DATA FOR THIS TASK Start Marker
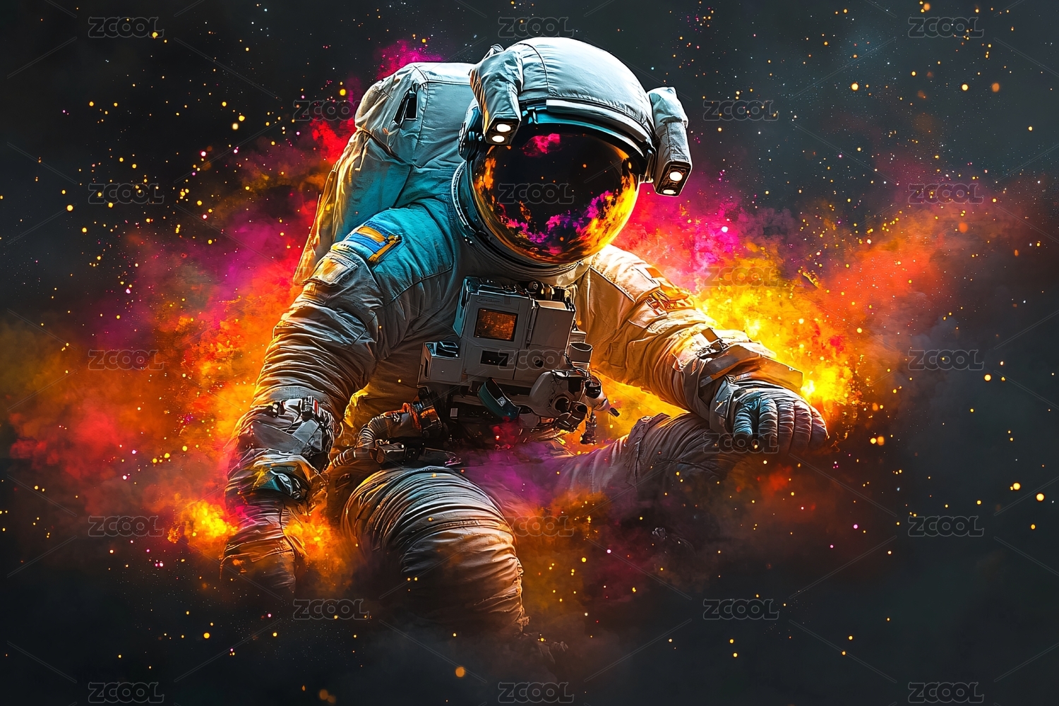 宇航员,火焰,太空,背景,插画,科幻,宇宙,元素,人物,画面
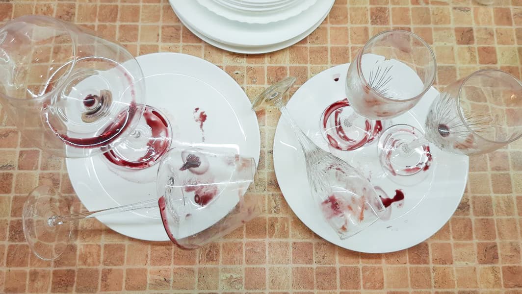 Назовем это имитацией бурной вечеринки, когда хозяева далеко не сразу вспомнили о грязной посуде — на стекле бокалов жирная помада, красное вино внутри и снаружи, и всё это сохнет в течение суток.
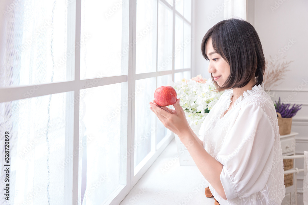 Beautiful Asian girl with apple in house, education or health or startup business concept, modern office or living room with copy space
DATA FOR THIS TASK End Marker
DATA FOR THIS TASK Start Marker
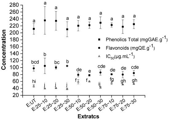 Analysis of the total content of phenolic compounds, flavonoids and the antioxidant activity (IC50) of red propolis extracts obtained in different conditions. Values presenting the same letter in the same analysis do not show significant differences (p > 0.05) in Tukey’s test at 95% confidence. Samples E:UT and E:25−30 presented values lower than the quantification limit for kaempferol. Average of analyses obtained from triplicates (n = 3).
DATA FOR THIS TASK End Marker
DATA FOR THIS TASK Start Marker
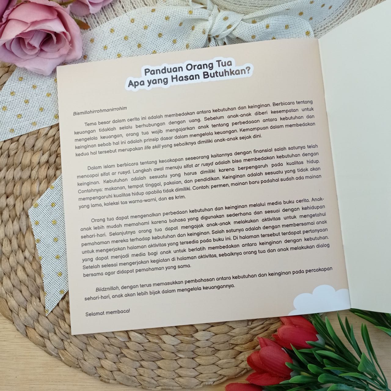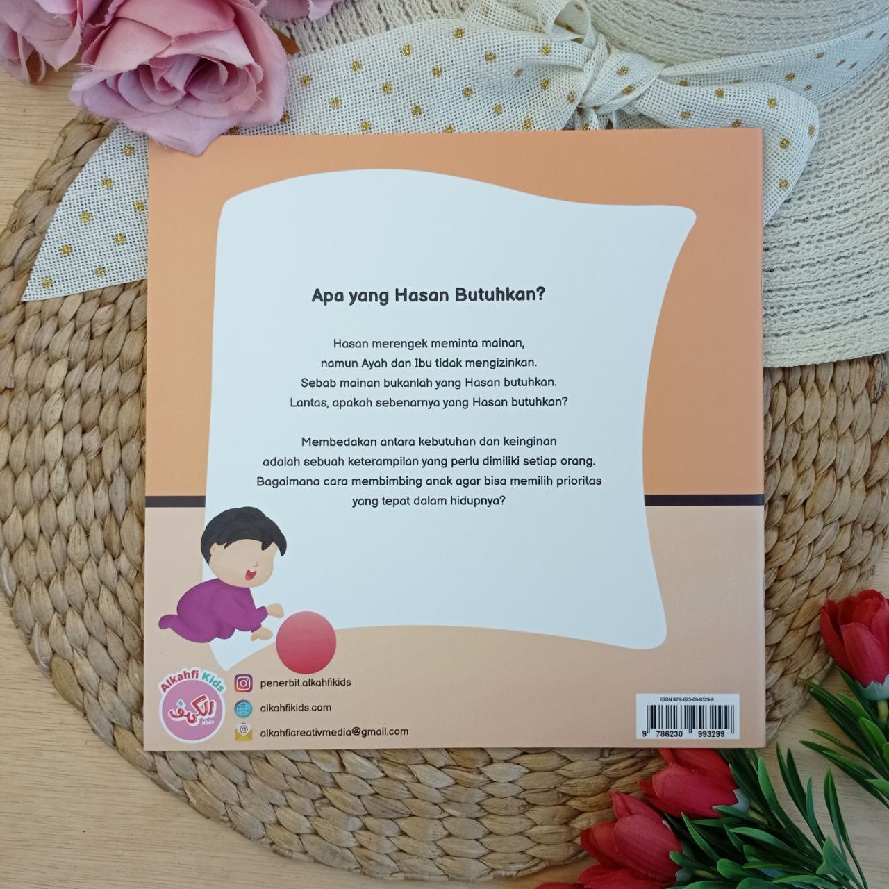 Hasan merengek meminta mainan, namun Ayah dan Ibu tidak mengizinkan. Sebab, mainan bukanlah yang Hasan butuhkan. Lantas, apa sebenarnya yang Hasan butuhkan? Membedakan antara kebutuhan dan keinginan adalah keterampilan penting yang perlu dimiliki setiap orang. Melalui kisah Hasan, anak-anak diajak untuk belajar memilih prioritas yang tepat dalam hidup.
DATA FOR THIS TASK End Marker
Please output, exactly as written, the lines above from the one holding "宇航员,火焰,太空,背景,插画,科幻,宇宙,元素,人物,画面" through the one holding "Beautiful Asian girl", both included, with the pictures omitted.

 宇航员,火焰,太空,背景,插画,科幻,宇宙,元素,人物,画面
 Назовем это имитацией бурной вечеринки, когда хозяева далеко не сразу вспомнили о грязной посуде — на стекле бокалов жирная помада, красное вино внутри и снаружи, и всё это сохнет в течение суток.
 Beautiful Asian girl with apple in house, education or health or startup business concept, modern office or living room with copy space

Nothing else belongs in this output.